After much thought, it has come down to this: why do these folks have to walk up to strangers at a show to touch a breast? Is it a power trip, or are said individuals not having a relationship and incapable of having intimacy that allows that in their normal life. It seemed pretty sad. It seemed like more of a reflection on their poor social skills then a threat to womankind. I also wondered what their mothers would say about this. Somehow I don't think she would be too happy about the whole situation.
I also think that an all-ages con is a poor choice for said social experiment. What does it teach kids if they see this? It is a poor selection of venues to say the least. Maybe at a night club this would have different connotations. Here I just think it was bad judgement.
Am I pissed? No. Am I disappointed? Most certainly. My feelings aren't just pointed at the guys involved either. I have to wonder what the ladies were thinking? It takes me back to my feminist readings, which have shown me that women are split into two groups. There are those who feel that embracing sexuality is a tool to show their power while another group finds that kind of display repugnant. Have we become so divided as a group that we will never come to terms with what we as women judge to be power and rights? It really makes me think.
Another issue that has been a bit overlooked is that there appears that alcohol was involved. How much and how intense really isn't clarified, but as a person who has drank way too much on past occasions of my life, I can say with 100% certainty that it doesn't make you any smarter. Some of the world's worst ideas come out of intoxication. This is yet another reason to watch consumption at these potential social occasions.

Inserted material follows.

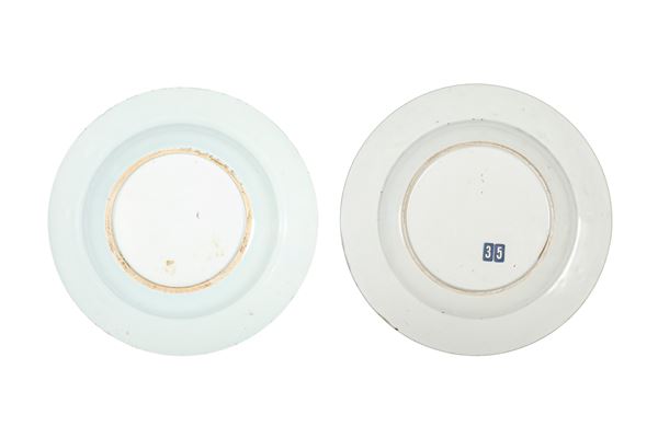 RARA COPPIA PIATTI IN PORCELLANA COLOR PULCE E BIANCO SOPRA BIANCO, Cina, dinastia Qing, XVIII secolo

Bottom line here: If someone approached me at the Emerald City Comicon and asked to touch my breast, I would be offended. I would also call the person on their behavior and tell them it was inappropriate. I would also wonder if they had a boda bag and were a bit tanked. There is a time and place, and that simply isn't it.
Let me ask you: What would you do in that situation?
Enough for tonight. I am off to check out Swinebread's comprehensive report on Stumptown Comics Fest. It looks awesome!